April 30, 2026
GitHub's reliability has cratered to 86.75% real uptime according to independent trackers, with daily outages, ~2,800 merged PRs silently reverted in a single incident, and an RCE vulnerability that could access millions of repos.[1]Theo - t3.gg Mitchell Hashimoto — GitHub user #1299, creator of Vagrant and Terraform — announced he's moving his 50K-star Ghostty project off the platform after 18 years.[2]Fireship Meanwhile, a name-squatter on the tanstack NPM package went unaddressed for months despite creator Tanner Linsley's reports, and the squatted package is now shipping .env-stealing malware.[1]Theo - t3.gg
~02:00 Theo walks through an independent uptime tracker showing GitHub at 86.75% — meaning roughly 3+ hours of downtime per day. A catastrophic merge queue incident silently reverted ~2,800 PRs that had already been merged, with no notification to affected developers. GitHub COO Kyle's public response used inflated denominators to make 0.07% sound small, with zero apology.

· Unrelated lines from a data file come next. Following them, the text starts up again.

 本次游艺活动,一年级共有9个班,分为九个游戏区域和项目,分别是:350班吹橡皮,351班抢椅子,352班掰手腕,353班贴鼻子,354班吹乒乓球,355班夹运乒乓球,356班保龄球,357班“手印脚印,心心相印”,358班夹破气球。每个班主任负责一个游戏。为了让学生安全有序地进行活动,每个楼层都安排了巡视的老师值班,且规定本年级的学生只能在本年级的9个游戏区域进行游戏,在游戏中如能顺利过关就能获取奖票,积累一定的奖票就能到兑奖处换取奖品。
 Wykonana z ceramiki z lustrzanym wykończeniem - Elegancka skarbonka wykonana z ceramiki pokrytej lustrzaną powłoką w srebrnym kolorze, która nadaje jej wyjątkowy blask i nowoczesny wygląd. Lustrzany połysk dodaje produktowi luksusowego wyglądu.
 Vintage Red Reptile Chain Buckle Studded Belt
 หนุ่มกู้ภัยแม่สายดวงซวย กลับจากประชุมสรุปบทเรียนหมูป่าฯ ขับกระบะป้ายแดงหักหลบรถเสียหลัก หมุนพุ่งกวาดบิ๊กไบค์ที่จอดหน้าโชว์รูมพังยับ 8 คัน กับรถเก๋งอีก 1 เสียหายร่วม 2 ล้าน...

"I would fire Kyle over this response. It's the most pathetic, disingenuous, minimizing non-apology I've ever seen from a company at this scale."

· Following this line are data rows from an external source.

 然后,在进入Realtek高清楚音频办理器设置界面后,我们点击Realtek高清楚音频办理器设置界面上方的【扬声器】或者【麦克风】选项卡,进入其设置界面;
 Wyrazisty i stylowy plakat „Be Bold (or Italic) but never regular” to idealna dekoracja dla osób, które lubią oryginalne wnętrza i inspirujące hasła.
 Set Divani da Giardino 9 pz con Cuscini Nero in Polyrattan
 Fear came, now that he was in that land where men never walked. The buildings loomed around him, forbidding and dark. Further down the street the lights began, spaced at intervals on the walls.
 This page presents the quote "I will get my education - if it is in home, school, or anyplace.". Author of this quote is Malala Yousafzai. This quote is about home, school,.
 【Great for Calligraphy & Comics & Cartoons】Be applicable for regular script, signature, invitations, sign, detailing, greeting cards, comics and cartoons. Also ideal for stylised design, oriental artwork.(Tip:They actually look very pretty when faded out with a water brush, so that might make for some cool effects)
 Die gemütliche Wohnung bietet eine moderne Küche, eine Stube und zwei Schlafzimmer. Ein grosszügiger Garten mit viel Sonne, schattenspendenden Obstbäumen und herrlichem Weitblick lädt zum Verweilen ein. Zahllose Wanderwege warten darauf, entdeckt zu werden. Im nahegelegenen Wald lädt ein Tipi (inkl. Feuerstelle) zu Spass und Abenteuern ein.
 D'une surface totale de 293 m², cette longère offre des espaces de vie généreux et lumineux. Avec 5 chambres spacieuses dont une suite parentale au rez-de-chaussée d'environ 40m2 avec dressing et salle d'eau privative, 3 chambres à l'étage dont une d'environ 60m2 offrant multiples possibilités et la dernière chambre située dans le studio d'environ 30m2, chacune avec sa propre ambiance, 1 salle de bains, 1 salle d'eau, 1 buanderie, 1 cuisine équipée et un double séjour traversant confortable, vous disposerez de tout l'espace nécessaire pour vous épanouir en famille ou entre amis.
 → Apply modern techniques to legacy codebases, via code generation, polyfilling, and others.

~10:00 GitHub has no CEO — the last one left and was never replaced. The platform reports to a Microsoft VP who simultaneously runs Azure DevOps and Copilot and sits on Atlassian's board. Product and engineering are completely siloed with no shared leadership. Theo argues this structural problem is the root cause of every reliability issue.

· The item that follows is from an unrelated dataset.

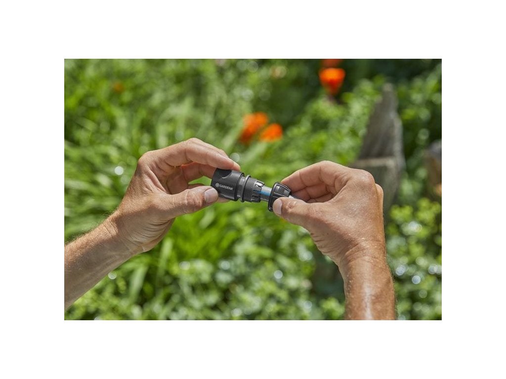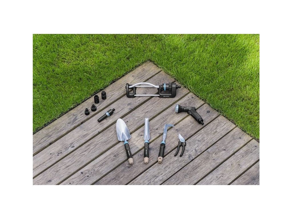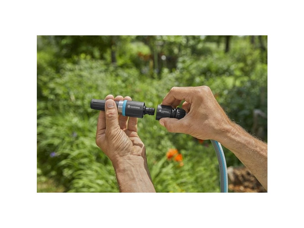Základná súprava GARDENA EcoLine je ideálnou kombináciou udržateľnosti a funkčnosti pre vašu záhradu. Štartovacia súprava s čistiacim postrikovačom, prípojkou na vodovodný kohout, adaptérom, rýchlospojkou a stopspojkou zabezpečuje bezpečné pripojenie záhradnej hadice k vodovodnému kohoutku. Viac ako 90% plastov použitých v súprave bolo vyrobených z recyklovaného materiálu, väčšinou z domového odpadu. Táto súprava nielenže vyzerá elegantne, ale vďaka kvalitnému spracovaniu má aj dlhú životnosť. Okrem recyklovaného plastu sa na výrobu kovových častí použilo 35 percent recyklovanej nehrdzavejúcej ocele. Nenápadný, ale elegantný dizajnový koncept dodáva základnému vybaveniu štýlový a nadčasový vzhľad, ktorý sa dokonale hodí do vašej záhrady alebo na terasu. Postrikovač 2 v 1 ponúka optimálny prúd vody pre rôzne situácie - či už ide o prúd vody na čistiace práce alebo jemnejší prúd vody na zavlažovanie; preud vody je plynulo nastaviteľný. Stopspojka, ktorá je súčasťou súpravy, umožňuje meniť nástavec, napríklad z postrikovača na rozprašovaciu sprchu alebo zavlažovač, bez toho, aby ste museli ísť ku kohoutku - po odstránení koncového nástavca sa voda automaticky zastaví a po nasadení nového koncového nástavca sa opäť spustí. Súprava EcoLine od spoločnosti GARDENA je kompatibilná s hadicami 1/2" - 5/8" (13-15 mm) a je vhodná aj pre vodovodné kohoutky so závitom 26,5 mm (G 3/4") a 33,3 mm (G 1"). Súprava je vybavená inteligentnou funkciou Anti-Splash, ktorá umožňuje cielený prietok vody pri plnení konvíc alebo vedier bez hadice, bez rozstrekovania vody. Základná súprava EcoLine je odolná voči UV záreniu a mrazu, takže ju môžete nechať venku po celý rok. Je vyrobená v Nemecku a GARDENA na ňu poskytuje päťročnú záruku. Prirodzená voľba pre vášnivých záhradkárov. ReTh!Nk - nová súprava EcoLine. Vyrobené v súlade s principmi trvalo udržateľného rozvoja. Estetický dizajn. Odolná konštrukcia. Špecifikácia Použitie Pre závitové kohoutky 33,3 mm (G 1") a 26,5 mm (G 3/4") a pre hadice 13 mm (1/2") a 15 mm (5/8") Súprava so systémovými dielmi 1 x čistiaci postrikovač EcoLine, 1 x stopspojka EcoLine, 1 x stopspojka EcoLine, 1 1 x adaptér EcoLine Ochrana proti zamrznutiu ÁnoDodatočné parametre

~03:00 A Wiz researcher discovered a remote code execution vulnerability where unsanitized git push options could break out of internal headers and execute arbitrary code. Fireship also covers a botnet attack on GitHub's code search and a broader pattern of AI agents hammering the infrastructure.[2]Fireship
Mitchell Hashimoto's emotional blog post — where he documented daily outages in a personal journal — signals a tipping point. When the creator of some of the most important infrastructure tools in the industry publicly breaks up with your platform, the crisis is real. A related kernel exploit (CVE-2026-31431) affecting every Linux distro since 2017 also dropped today, adding to the infrastructure security anxiety.[3]Better Stack — Linux Exploit
Four Magnificent Seven companies — Alphabet, Amazon, Meta, and Microsoft — all beat earnings expectations, but the headline is AI capex: Microsoft announced $190B for the year, Meta raised guidance to $125–145B, and Alphabet's capex jumped to $35.7B in a single quarter.[4]Morning Brew Google Cloud hit $20B revenue (vs. $18.4B expected), and Alphabet stock rose 7% after-hours on what Sundar Pichai called its strongest consumer AI quarter ever.[5]Sherwood Snacks
Profit jumped 81%, driven by AI investments. Google Cloud's $20B quarter crushed the $18.4B estimate on surging Gemini and AI infrastructure adoption. Alphabet also booked $37.7B in equity gains from stakes in Anthropic and SpaceX.[5]Sherwood Snacks
Beat on revenue (ads up 33% to $55B) but stock fell ~6% after-hours. Investors balked at Meta raising capex guidance to $125–145B — above the $122.6B consensus. When asked about the spending plan, Zuckerberg said he doesn't have "a very precise plan," only "a sense of the shape." Meta also warned that its youth safety lawsuits "may ultimately result in a material loss."[4]Morning Brew
Microsoft cited persistent high-priced memory while announcing $190B yearly capex. Copilot added 5M paid users (total: 20M), but investors worry about demand. Amazon's AWS hit $37.6B (beat $36.7B estimate) with 28% YoY growth. Advertising also beat at $17.24B.[4]Morning Brew
The Fed held rates steady at 3.5–3.75% with four dissenters — the most since 1992. Jerome Powell held his final press conference as Fed chair, saying inflation from the Iran war "hasn't even peaked yet." Powell will remain as a governor while under investigation, becoming the first chair since 1948 to vacate the throne but stay on the board.[6]Morning Brew — Powell April is on track to be tech stocks' best month since the start of the Covid pandemic, with the Nasdaq up 14%.[4]Morning Brew
Venture-subsidized flat-fee AI pricing is giving way to usage-based billing as agentic token consumption explodes. GitHub Copilot announced model multipliers revealing ~6x price hikes for frontier models, Anthropic is rationing compute and pushing Claude Code users to API billing, and Goldman Sachs reports AI inference costs approaching 10% of headcount at some companies.[7]AI Daily Brief
~05:00 Anthropic is showing signs of severe infrastructure strain: outages, metered compute, withholding their largest model, accidental API charges, and org-level bans. The host argues this is a direct consequence of agentic usage — Claude Code sessions consume orders of magnitude more tokens than chat conversations.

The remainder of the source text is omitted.